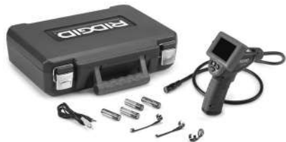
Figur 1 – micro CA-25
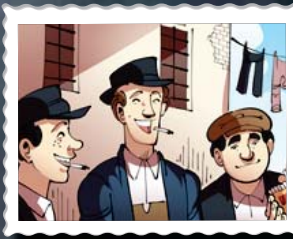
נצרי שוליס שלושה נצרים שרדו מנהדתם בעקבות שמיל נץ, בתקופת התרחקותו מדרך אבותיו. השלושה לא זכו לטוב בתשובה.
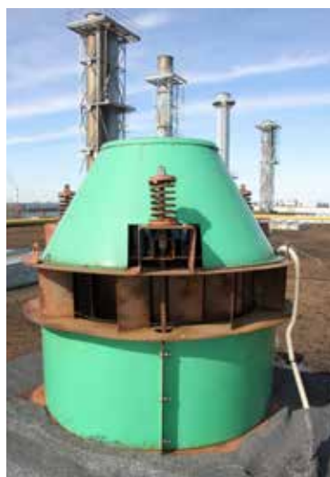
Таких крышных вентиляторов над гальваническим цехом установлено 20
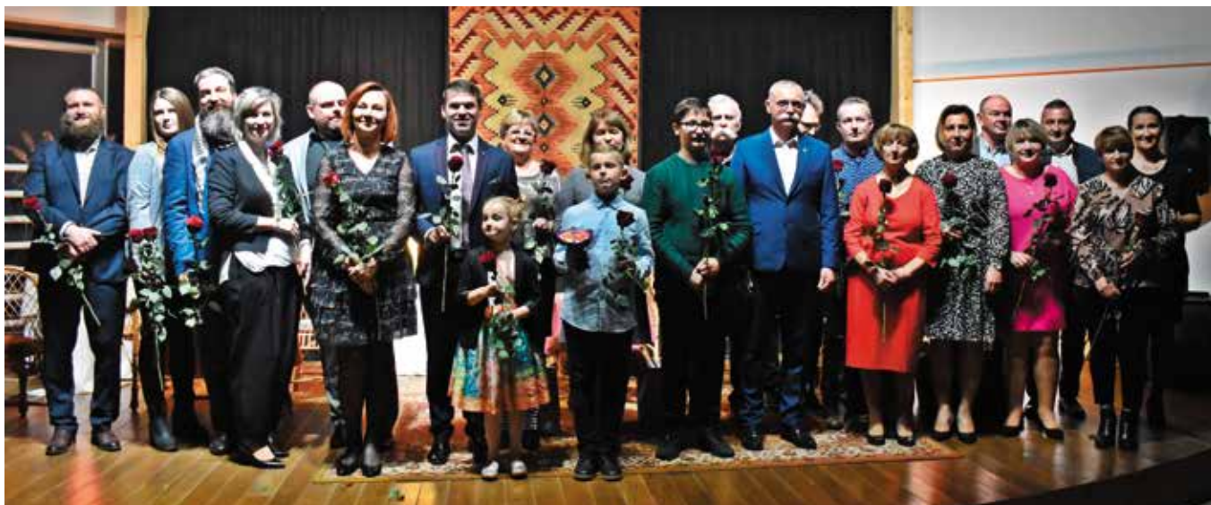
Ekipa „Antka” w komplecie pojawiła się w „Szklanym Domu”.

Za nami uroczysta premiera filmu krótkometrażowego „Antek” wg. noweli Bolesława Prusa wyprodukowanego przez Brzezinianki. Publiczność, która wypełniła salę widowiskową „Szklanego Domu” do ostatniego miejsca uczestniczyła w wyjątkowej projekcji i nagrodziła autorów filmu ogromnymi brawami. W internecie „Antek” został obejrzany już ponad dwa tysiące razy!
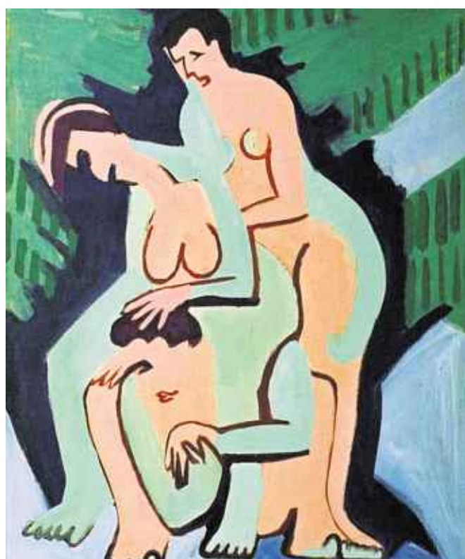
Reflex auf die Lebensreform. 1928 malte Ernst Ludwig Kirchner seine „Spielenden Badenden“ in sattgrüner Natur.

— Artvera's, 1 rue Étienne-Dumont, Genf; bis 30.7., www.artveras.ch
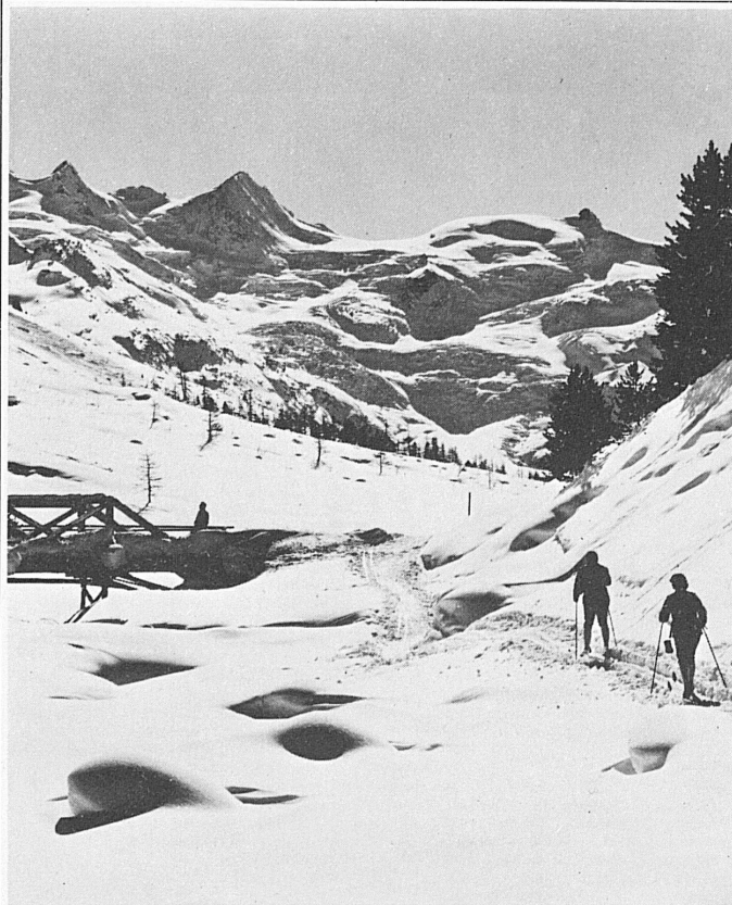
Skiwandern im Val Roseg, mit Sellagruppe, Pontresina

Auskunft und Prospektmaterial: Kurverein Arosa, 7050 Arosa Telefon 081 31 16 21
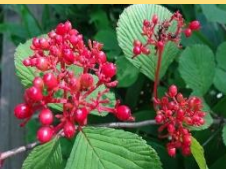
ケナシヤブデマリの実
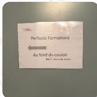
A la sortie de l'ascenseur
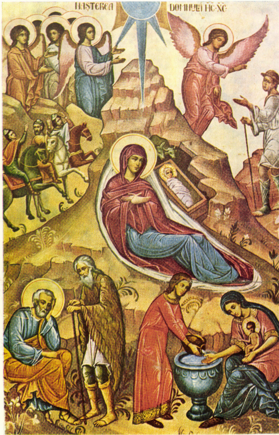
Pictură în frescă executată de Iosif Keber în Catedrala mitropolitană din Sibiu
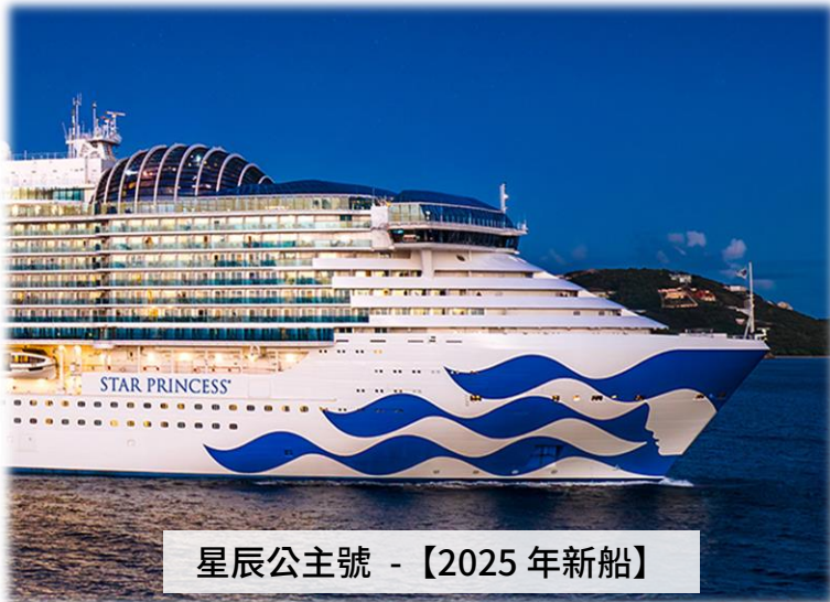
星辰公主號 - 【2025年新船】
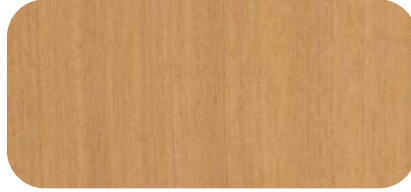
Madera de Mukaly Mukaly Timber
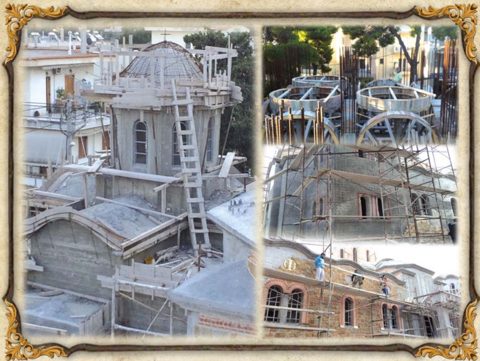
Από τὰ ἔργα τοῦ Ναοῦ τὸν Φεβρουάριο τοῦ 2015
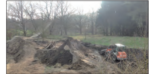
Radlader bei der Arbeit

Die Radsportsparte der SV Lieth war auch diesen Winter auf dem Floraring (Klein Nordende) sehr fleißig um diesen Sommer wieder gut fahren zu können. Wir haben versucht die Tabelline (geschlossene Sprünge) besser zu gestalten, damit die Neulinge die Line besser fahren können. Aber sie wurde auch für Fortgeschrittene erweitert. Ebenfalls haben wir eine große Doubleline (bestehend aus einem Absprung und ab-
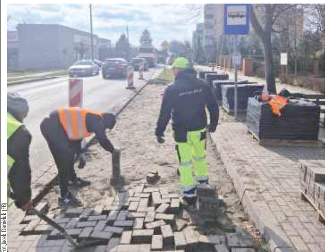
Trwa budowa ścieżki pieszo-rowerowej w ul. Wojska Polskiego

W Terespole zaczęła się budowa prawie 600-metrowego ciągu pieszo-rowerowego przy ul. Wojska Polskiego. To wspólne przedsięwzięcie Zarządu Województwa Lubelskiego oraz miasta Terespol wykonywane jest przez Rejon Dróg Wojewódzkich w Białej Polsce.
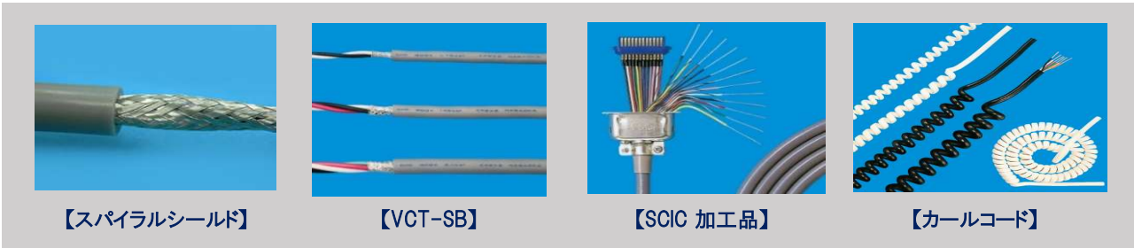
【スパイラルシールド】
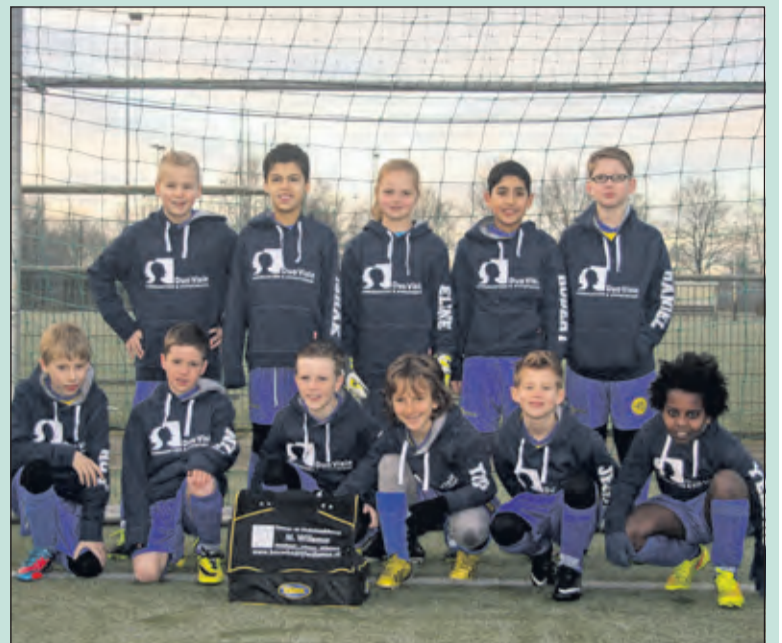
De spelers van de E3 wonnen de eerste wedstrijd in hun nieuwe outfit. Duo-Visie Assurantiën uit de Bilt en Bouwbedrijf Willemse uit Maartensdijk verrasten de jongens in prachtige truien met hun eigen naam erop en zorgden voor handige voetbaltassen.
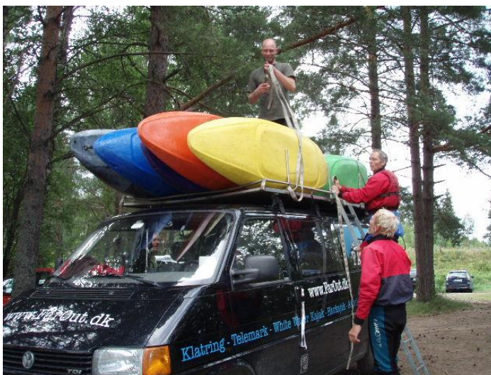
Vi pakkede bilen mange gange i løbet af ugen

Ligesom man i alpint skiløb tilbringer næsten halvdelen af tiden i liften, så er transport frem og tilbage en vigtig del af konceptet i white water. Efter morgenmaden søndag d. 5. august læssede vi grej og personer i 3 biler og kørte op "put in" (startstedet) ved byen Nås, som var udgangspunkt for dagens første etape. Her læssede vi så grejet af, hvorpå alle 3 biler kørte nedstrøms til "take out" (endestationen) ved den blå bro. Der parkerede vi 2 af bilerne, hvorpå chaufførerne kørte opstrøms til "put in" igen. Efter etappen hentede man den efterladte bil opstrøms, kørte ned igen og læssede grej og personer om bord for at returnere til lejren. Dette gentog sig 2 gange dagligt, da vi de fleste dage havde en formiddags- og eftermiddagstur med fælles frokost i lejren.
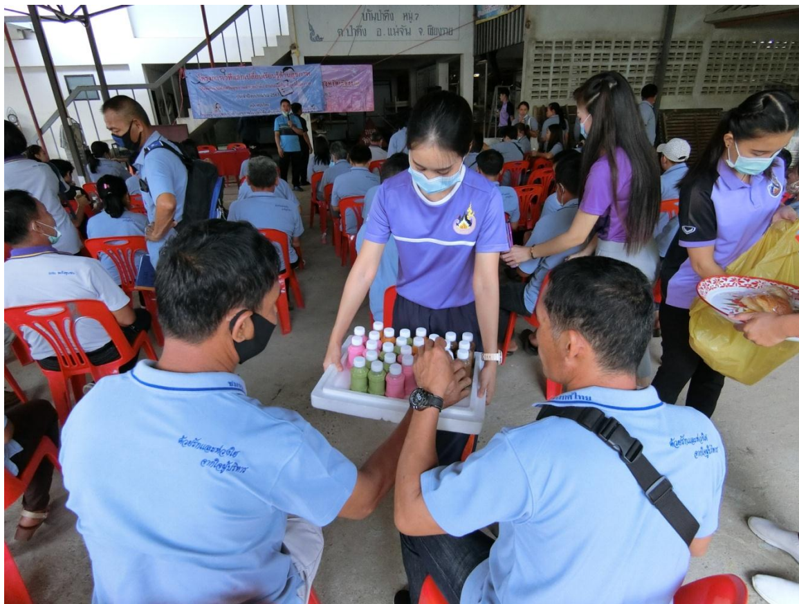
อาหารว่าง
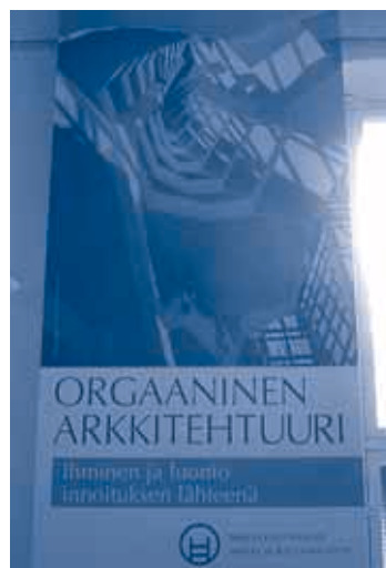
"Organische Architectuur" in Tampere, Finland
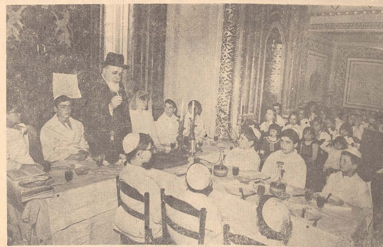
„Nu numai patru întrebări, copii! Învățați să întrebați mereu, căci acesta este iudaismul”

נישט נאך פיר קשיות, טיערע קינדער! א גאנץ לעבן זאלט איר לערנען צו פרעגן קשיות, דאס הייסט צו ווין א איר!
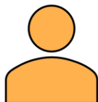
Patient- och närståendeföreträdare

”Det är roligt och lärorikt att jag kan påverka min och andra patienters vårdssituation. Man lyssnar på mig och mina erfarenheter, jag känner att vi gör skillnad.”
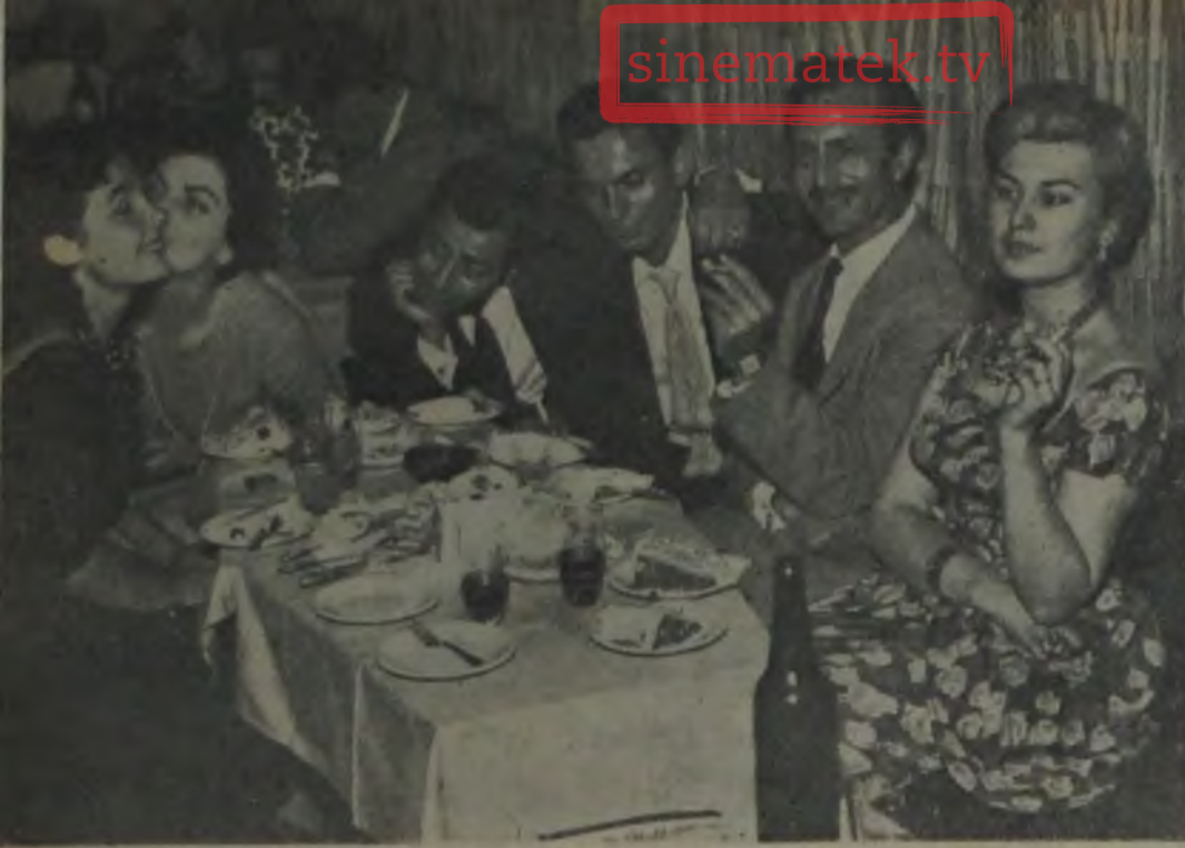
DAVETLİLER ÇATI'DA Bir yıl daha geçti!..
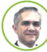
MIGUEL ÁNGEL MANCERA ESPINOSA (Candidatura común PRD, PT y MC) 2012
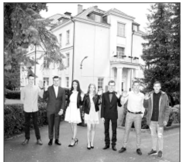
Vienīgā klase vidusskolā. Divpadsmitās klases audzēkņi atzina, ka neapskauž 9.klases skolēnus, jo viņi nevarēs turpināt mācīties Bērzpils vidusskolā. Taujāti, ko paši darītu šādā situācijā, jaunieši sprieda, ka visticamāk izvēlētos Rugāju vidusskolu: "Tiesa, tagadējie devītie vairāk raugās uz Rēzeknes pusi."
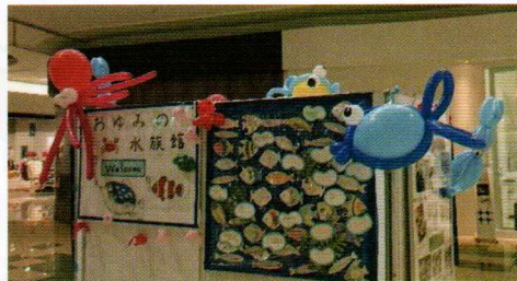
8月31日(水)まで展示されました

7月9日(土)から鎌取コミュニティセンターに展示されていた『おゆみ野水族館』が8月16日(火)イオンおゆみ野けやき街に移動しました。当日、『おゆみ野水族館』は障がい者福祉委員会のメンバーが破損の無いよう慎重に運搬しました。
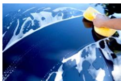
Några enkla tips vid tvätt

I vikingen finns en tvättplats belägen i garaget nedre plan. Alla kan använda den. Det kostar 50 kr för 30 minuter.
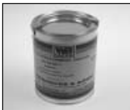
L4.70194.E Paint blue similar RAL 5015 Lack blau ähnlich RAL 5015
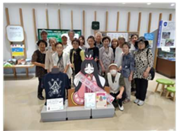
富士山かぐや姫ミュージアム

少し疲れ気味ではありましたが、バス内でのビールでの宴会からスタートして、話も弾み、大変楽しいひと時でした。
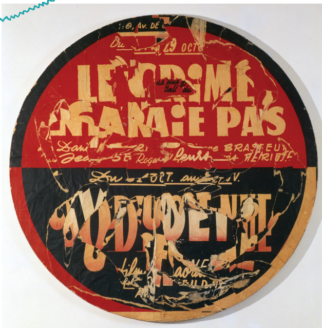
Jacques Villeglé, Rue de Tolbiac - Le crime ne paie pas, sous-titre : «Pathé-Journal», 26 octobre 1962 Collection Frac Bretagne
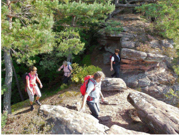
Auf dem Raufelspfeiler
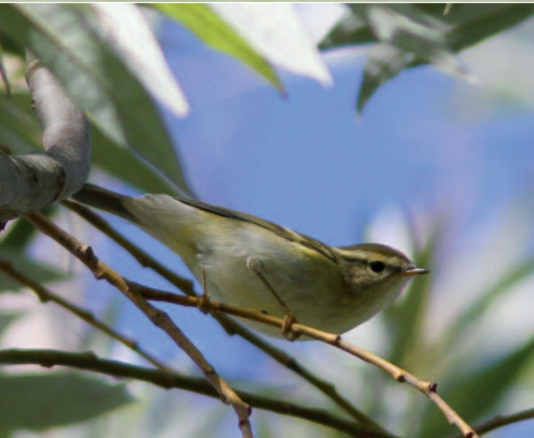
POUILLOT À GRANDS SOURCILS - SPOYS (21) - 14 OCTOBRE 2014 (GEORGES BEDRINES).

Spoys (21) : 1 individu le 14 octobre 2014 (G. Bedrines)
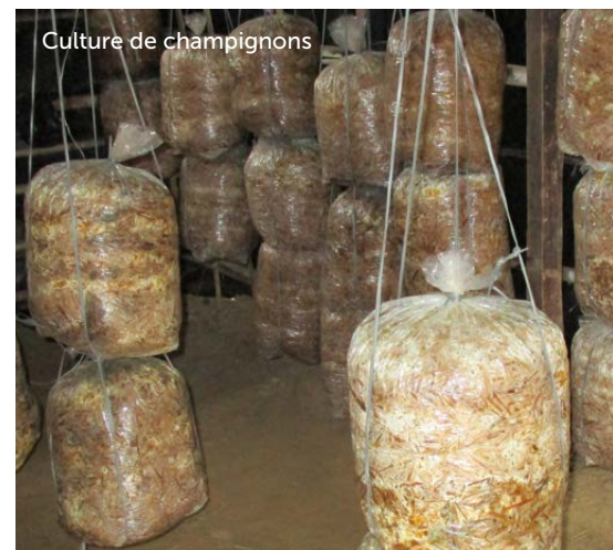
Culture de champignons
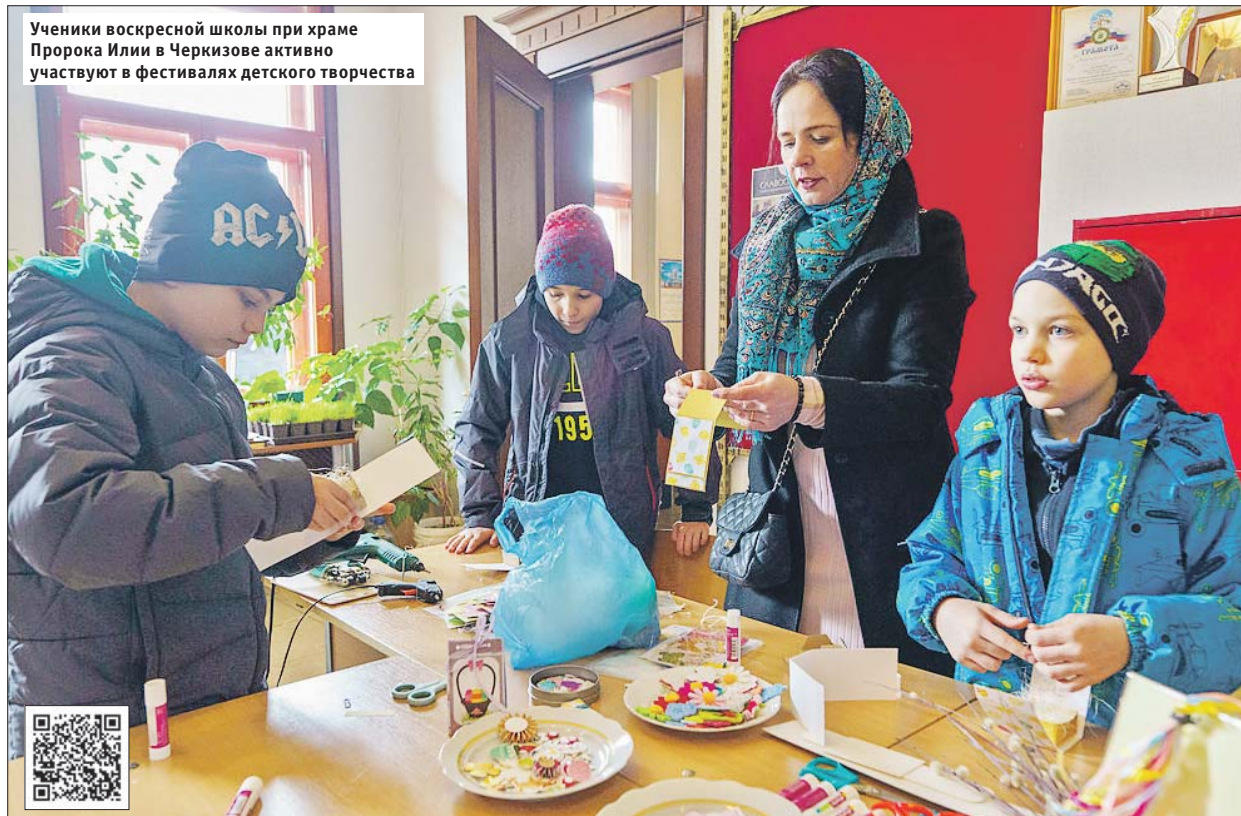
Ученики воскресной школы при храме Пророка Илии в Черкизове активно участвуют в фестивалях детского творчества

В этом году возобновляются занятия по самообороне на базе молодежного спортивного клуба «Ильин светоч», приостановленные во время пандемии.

########

- **Description of the task**: Copy out every line of the listing that includes the string "Polskiego".

- **Answer area**:
Trwa budowa ścieżki pieszo-rowerowej w ul. Wojska Polskiego
W Terespole zaczęła się budowa prawie 600-metrowego ciągu pieszo-rowerowego przy ul. Wojska Polskiego. To wspólne przedsięwzięcie Zarządu Województwa Lubelskiego oraz miasta Terespol wykonywane jest przez Rejon Dróg Wojewódzkich w Białej Polsce.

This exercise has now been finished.